We’ve always tried to adapt and increase efficiencies, but in response to some of the feedback in this most recent survey, we’ve made a special effort to increase our communication and outreach efforts, adapt our workflows, and provide expanded opportunities for engagement (e.g. special interest groups) and keep curators better informed and “in the loop” about discussions regarding the future sustainability of the DCN after the implementation phase ends in 2021.
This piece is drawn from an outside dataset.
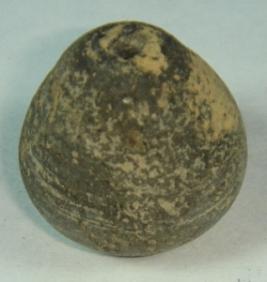 | Description / विवरण | Terracotta bead with flat circular base and a small depression at the centre. There is a perforated hole at the centre to put it in a string, close striation marks are prominent on the body. |

We’ve also taken to heart survey feedback indicating that things are running smoothly and that generally, people seem satisfied with their participation and engagement in the community — that we should focus on what’s working and continue to do those things well rather than try to do more in the limited time remaining. We also acknowledge that curators may be at capacity for how much time and effort they can devote to the DCN, considering that DCN participation and data curation itself may only be small parts of their larger job responsibilities.

During the remainder of the DCN’s implementation phase we hope to continue strengthening our community by building on key activities like the special interest groups and involving curators in the planning and decision-making processes related to sustainability of the Network and its community post-implementation phase. 

Footnotes

  1. The Data Curation Network currently involves 12 partner institutions and is funded by the Alfred P. Sloan Foundation, https://datacurationnetwork.org/
  2. Coburn E, Johnston L. Testing Our Assumptions: Preliminary Results from the Data Curation Network. Journal of eScience Librarianship 2020;9(1): e1186. https://doi.org/10.7191/jeslib.2020.1186.
  3. Johnston, Lisa R; Carlson, Jake; Hudson-Vitale, Cynthia; Imker, Heidi; Kozlowski, Wendy; Olendorf, Robert; Stewart, Claire. (2017). Curate a data set to capture and compare curation activities across network partners. Retrieved from the University of Minnesota Digital Conservancy, http://hdl.handle.net/11299/188649.